By Tal Roded & Peter Slattery
As artificial intelligence continues to progress and improve, its role in scientific discovery is becoming increasingly central. At the recent MIT FutureTech Workshop on the Role of AI in Science, leading researchers, technologists, and policymakers gathered to explore how AI is rapidly transforming scientific process—from accelerating research cycles to uncovering novel insights across disciplines. Researchers also presented on potential pitfalls and limitations with AI, such as the over-concentration of AI development among a few entities and the explosion of AI-generated content. The discussions provided a nuanced look at AI’s potential, its current limitations, and the fundamental shifts it is producing in scientific research. In this short article we summarize a few of the talks.
One of the most prominent themes of the workshop was how AI is reshaping the pace and scale of scientific discovery. Across fields such as materials science, drug discovery, and robotics, AI-driven tools are not just optimizing existing research workflows but also enabling entirely new forms of inquiry. Foundation models for science - similar to large language models but trained on domain-specific data - are now helping researchers generate hypotheses, design experiments, and even automate aspects of laboratory work.
FutureTech also presented research revealing disparities between industrial and academic usage of these large foundation models, calling into question the available resources for academics. In his talk “Strengthening and democratizing the U.S. Artificial Intelligence Innovation Ecosystem through the National AI Research Resource Pilot”, Varun Chandola shared progress on the establishment of The National Artificial Intelligence Research Resource (NAIRR), an NSF project to open up access to AI infrastructure for all types of researchers, further integrating AI’s role in research pipelines. Such a resource would enable academics to expand the scope of their scientific research and better take advantage of the developments in Generative AI currently being led by industry.
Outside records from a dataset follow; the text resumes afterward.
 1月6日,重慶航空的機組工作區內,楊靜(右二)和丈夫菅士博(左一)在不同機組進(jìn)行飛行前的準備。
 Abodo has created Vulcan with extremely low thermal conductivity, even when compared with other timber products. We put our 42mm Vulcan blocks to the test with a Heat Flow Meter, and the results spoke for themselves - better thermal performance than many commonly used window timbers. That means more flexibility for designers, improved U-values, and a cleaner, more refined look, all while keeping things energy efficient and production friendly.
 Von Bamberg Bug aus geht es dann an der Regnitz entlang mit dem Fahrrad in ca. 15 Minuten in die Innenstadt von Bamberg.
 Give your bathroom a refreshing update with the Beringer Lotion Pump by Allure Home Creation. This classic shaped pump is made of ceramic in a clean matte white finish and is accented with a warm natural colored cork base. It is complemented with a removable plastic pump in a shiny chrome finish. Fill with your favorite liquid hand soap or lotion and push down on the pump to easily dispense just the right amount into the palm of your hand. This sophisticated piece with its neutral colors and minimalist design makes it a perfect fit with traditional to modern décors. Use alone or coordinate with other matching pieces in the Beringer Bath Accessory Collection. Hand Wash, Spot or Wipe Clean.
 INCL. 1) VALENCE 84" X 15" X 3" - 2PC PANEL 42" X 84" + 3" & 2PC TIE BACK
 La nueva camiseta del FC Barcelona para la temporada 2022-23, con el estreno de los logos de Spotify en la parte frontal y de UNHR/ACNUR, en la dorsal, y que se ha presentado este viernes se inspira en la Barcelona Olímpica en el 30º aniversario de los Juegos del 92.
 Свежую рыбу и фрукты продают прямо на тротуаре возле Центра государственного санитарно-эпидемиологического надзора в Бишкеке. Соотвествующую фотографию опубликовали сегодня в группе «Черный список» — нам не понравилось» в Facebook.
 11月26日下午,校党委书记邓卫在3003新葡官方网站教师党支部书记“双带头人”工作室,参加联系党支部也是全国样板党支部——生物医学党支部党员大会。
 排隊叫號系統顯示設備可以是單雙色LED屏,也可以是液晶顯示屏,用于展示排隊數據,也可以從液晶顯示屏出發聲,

Speakers emphasized AI's increasing abilities not only to identify patterns in existing, complex datasets but also to actively contribute to the formulation of new theories and empirics.Examples included self-improving AI models that refine their predictions through iterative learning and AI agents that assist in autonomous experimentation, reducing the time required to test and validate new theories. Ross King presented on the potential for a robot scientist in his talk, “The automation of science”, reporting on AI that could originate, develop, execute, and iterate on its own experiments.
With AI taking on a more active role in discovery, the role for human scientists in the research process is evolving and may even cease to exist if AI supplants scientists and human oversight cannot keep pace. In the current state however, AI is assisting researchers to interact with data, design experiments, and interpret results. Workshop discussions highlighted the increasing importance of human oversight, particularly in defining meaningful research questions and ensuring AI models align with rigorous scientific standards. As AI systems become more autonomous, the challenge will be to maintain human intuition and creativity as central elements of the scientific process.
Despite AI’s great potential, workshop participants identified several hurdles that must be addressed. Bias and data quality remain critical concerns, as models trained on incomplete or unrepresentative datasets can lead to misleading conclusions. Rada Mihalcea's talk “The Uneven Access to Knowledge”, shared findings that LLMs which are trained on unrepresentative datasets perform poorly in lower resource languages and on cultural context-dependent questions. Additionally, while AI can accelerate many aspects of research, there are limits to its ability to generate new knowledge that extends beyond existing data. Addressing these challenges will require interdisciplinary collaboration between AI developers, domain experts, and policymakers to establish best practices for the responsible use of AI in scientific research.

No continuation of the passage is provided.